Ma lo stato di agitazione non è stato proclamato solo per la questione della bigliettazione. “I sindacati regionali di categoria Filt Cgil, Fit Cisl, Uiltrasporti e Ugl autoferro, non potendo più tollerare il comportamento autoritario di un’azienda che da anni è famosa in tutta Italia proprio per l’arroganza e il dispregio con i quali tratta i propri dipendenti, hanno deciso di attivare lo stato di agitazione del personale formalizzando la procedura di mobilitazione dei dipendenti previste dalle norme nazionali che disciplinano le azioni di sciopero nei servizi pubblici essenziali.

Ovviamente, trattandosi di Atm, la lista delle rivendicazioni e delle motivazioni, va ben oltre la seppur spinosa e importante questione della bigliettazione”. Dal mancato rispetto del contratto collettivo di lavoro “su molteplici aspetti” alla mancata costituzione del comitato Covid, passando per la “vetustà e inefficienza degli autobus”, tanto per citarne alcune.

“E sicuramente di questo parleremo con l’Assessore regionale ai trasporti Quintino Pallante nell’incontro fissato per lunedì prossimo e dal quale ci aspettiamo risposte finalmente chiare”.

 

Sul tema la consigliera Micaela Fanelli è di recente intervenuta chiedendo – in vista della riapertura delle scuole – di sciogliere il nodo trasporti. “E’ quello che in Molise chiediamo da mesi, con l’obiettivo di ottenere maggiori garanzie per la sicurezza dei pendolari.

Un piano straordinario dei trasporti, con particolare riferimento al sistema scolastico è stato, la scorsa estate, al centro di una nostra mozione e di un Ordine del Giorno sulla scuola, ai quali ha fatto poi seguito un Consiglio regionale monotematico, da noi richiesto, che ha affrontato entrambi le questioni.

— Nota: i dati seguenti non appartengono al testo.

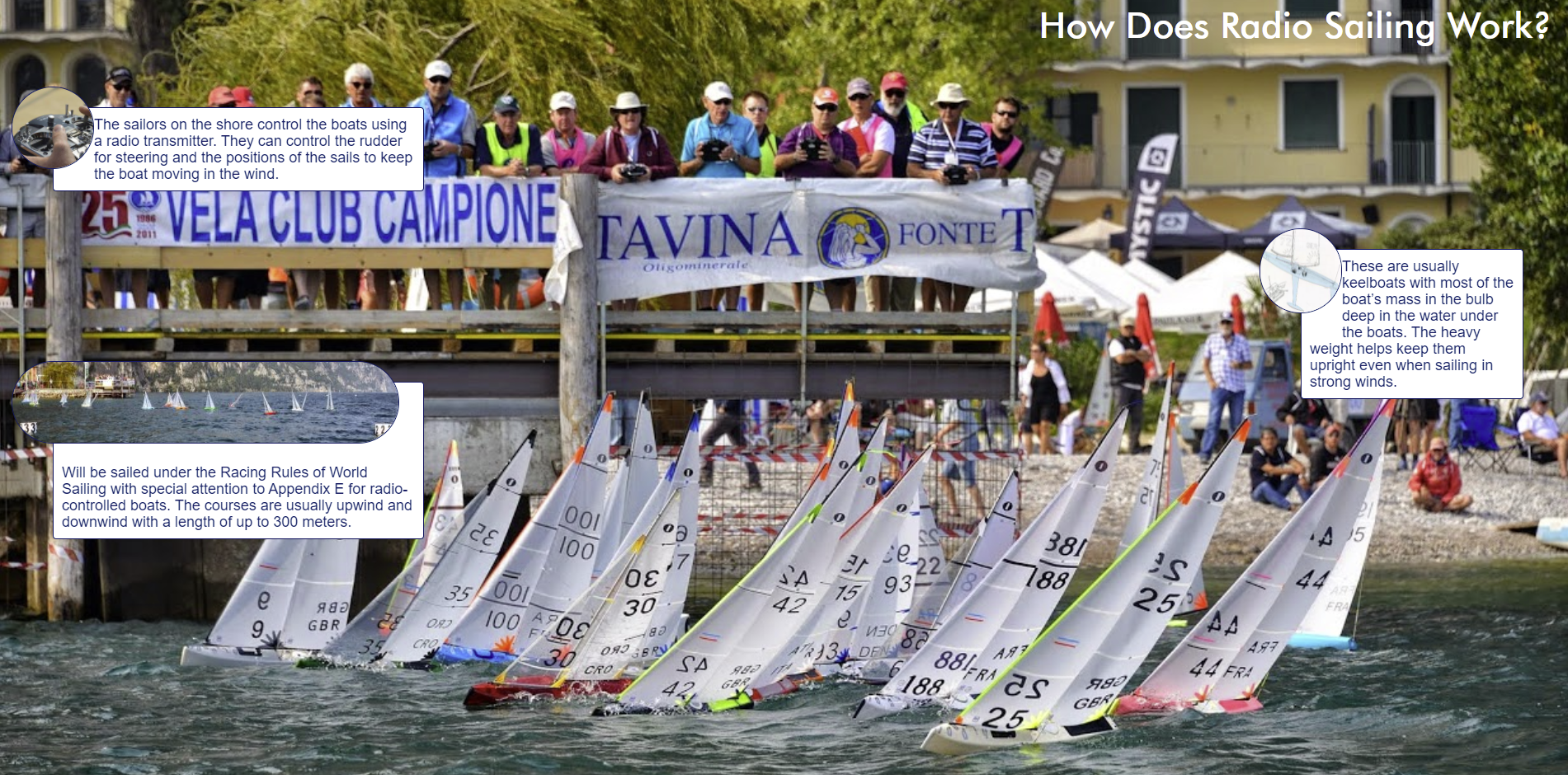 Radio sailors enforce the rules themselves. Competitors not racing act as observers and hail contact between boats. Skippers are expected to take a penalty if they have broken a rule.

Ma le nostre preoccupazioni sono state anche messe nero su bianco nell’interrogazione urgente con la quale al presidente Toma e all’assessore Pallante abbiamo chiesto risposte immediate per tanti studenti molisani, prima che per loro venisse attivata la DaD.

Da via Genova però nessuna risposta. Nulla è stato fatto per risolvere le criticità”.